The fund has already invested in three projects but is looking for a signature feature-film investment. “We are actively in search of a big project that we can throw ourselves in, for about $2m,” Gammeltoft tells Screen ahead of AFM.

Overall, the fund will invest in 10-15 projects from now until the end of 2015. He hopes the film project or projects backed by the fund will be shooting by autumn 2014.

The fund aims to back projects with international reach. “We are not investing in entirely Danish productions. We want international projects, but built with Danish talent if possible,” Gammeltoft explains.

The funding will stretch yet further if potential partners are brought on board, such as the Danish Film Institute — whose funding is separate — Swedish fund Film i Skane or funding sources from Hamburg, which have close ties to Copenhagen.

The holy grail would be for Denmark to also offer a tax incentive, which is still an elusive beast in Scandinavia. The fund is also lobbying government for a film incentive in Denmark. “We’ve had progress talking to politicians on that,” he notes.

So far, the Copenhagen Film Fund has backed three TV projects: the new series of Heartless, which will shoot in five parts starting in March 2014 (an investment of $406,000); ZDF/Nordisk/DR police series The Team, which is now shooting across Europe starring Lars Mikkelsen ($676,000); and an episode of the UK’s Midsomer Murders that shot recently in Copenhagen ($36,000).

The fund is financed with contributions from the City of Copenhagen, the Capital Region of Denmark and nine suburban municipalities (Copenhagen, Hvidovre, Ballerup, Frederiksberg, Brondby, Albertslund, Fureso, Naestved and Helsingor).

Because of the current level of funding, studios are probably unlikely to go for it, but the fund could make working in Copenhagen much more attractive to bigger independent film projects.

Funding comes in during production, and must be paid to a Denmark-based company (such as a production services company).
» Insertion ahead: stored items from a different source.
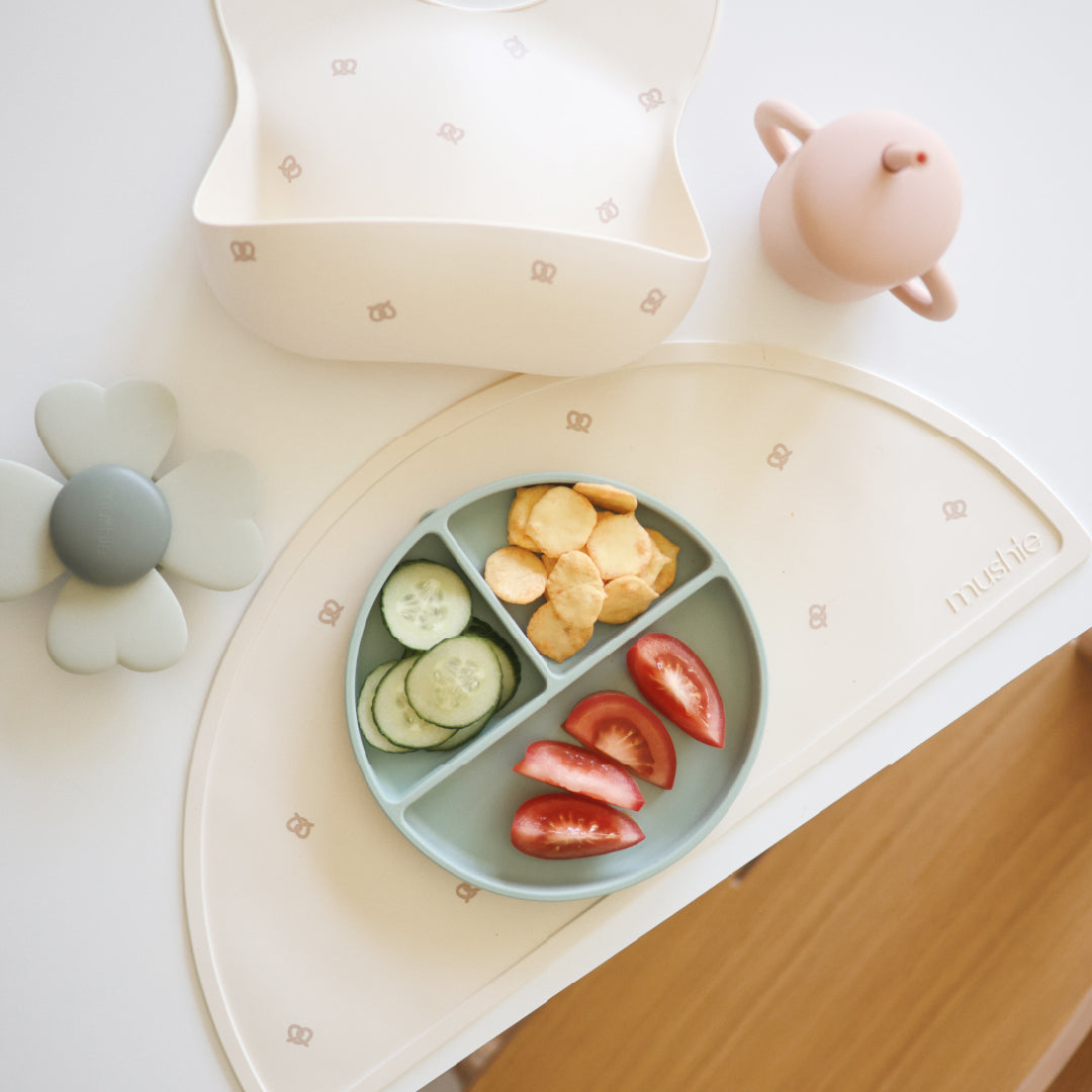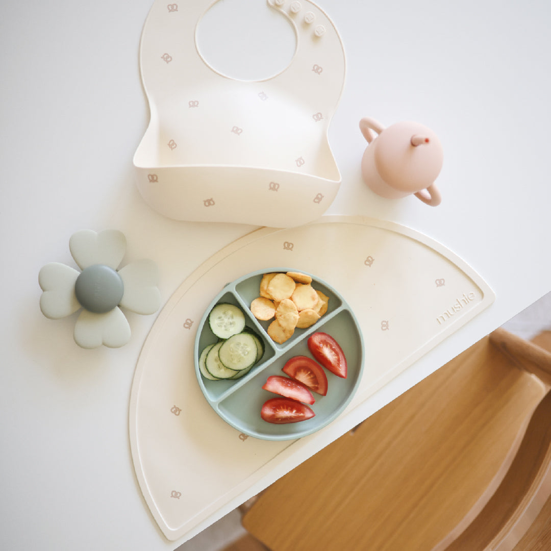 いつもの食卓がおしゃれで清潔に。食器を滑りにくくし汚れやキズからテーブルを守ってくれるスウェーデンでデザインされたmushie(ムシエ)のシリコンマット。
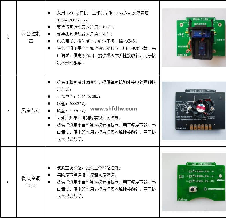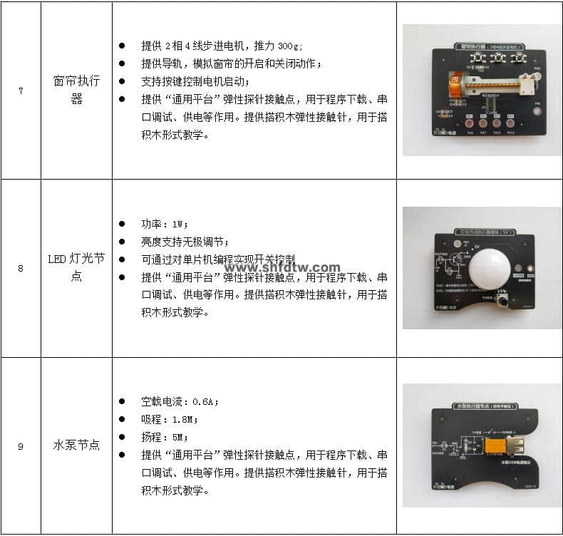 (選配)執(zhí)行器模塊:步進電機、云臺控制、模擬空調(diào)節(jié)點、窗簾執(zhí)行器、LED燈光節(jié)點、水泵節(jié)點、噴霧器節(jié)點及其配套資料;
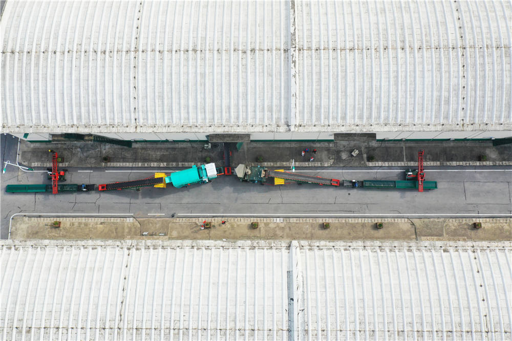 5月24日,在中央储备粮邓州直属库有限公司内,粮食入库全套流程设备已架设完毕(无人机照片)。新华社记者 张浩然 摄
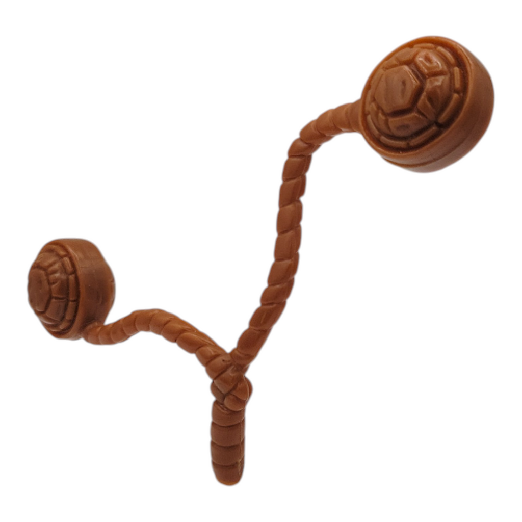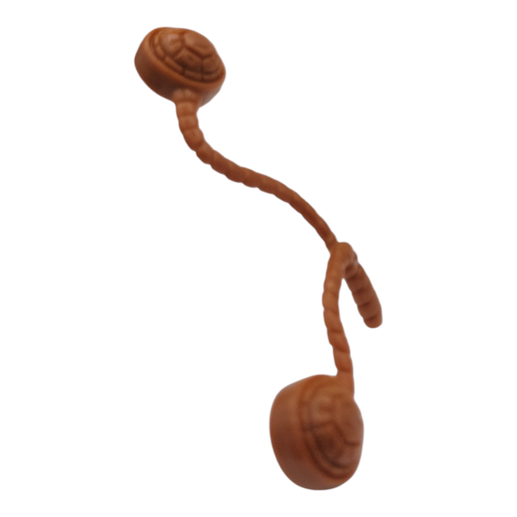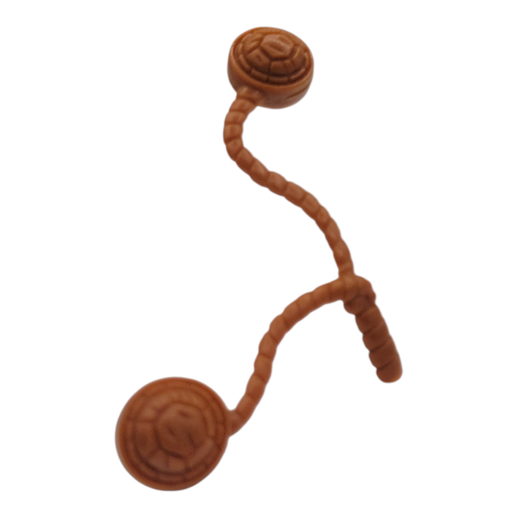 The product is a vintage 1991 Raphael action figure accessory from the Teenage Mutant Ninja Turtles franchise. This chrome-plated brown turtle weapon, made by Playmates Toys, is a collectible item that adds to the nostalgia of the popular TMNT TV show and movies. Perfect for fans of the series, this unique accessory showcases the iconic character Raphael and is a must-have for any TMNT enthusiast's collection.
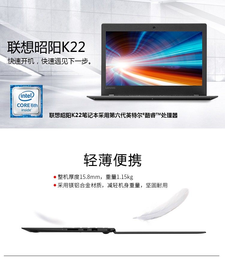 • 商品名稱:聯想(Lenovo)筆記本 昭陽K22-80 I5-6200U/4G/256G SSSD/核顯/無光驅/Win7H//包鼠套裝

The fund does not plan to put up more than 50% of any project’s full budget. There is no points system but a full list of terms and conditions are available at the newly launched website, cphfilmfund.com.

Gammeltoft predicts that around half of awards will go to film and half to TV projects. The funding is rolling and projects can be in any language and, in particular, he would love to see a big HBO or Netflix series hire a Scandinavian writer to create an English-language project to shoot in Copenhagen.

There are “certain criteria to fulfil” and Gammeltoft, himself a long-time producer with credits such as Stealing Rembrandt and the forthcoming Good People, works with the fund’s board to make selections. The fund’s other executive is producer Stine Spang.

There is a lot riding on the initial investments, because the fund has been a dream for a decade that was finally realised this summer and will undergo its first evaluation at the end of 2015 to see if it will be continued, or possibly expanded. “We have two-and-a-half years to prove ourselves,” he says.

“Definitely it can change the Danish industry,” he adds of the fund’s potential. “If we can succeed with this we can grow it, we can get more money for the fund… At some point in time we might be really big.”

Private investment could also come into play in the future of the fund.

Gammeltoft is keen to stress the funded projects do not have to show a rosy side Copenhagen. “Do you think The Killing shows a nice side of Denmark?” he asks with a laugh. “We don’t need postcards.”

The fund comes at a time when Danish culture is a hot export. “Denmark is booming and we want to maintain that status and show the world we’re good at what we’re doing,” Gammeltoft says.

“There’s a momentum; we need to use that and expand it.”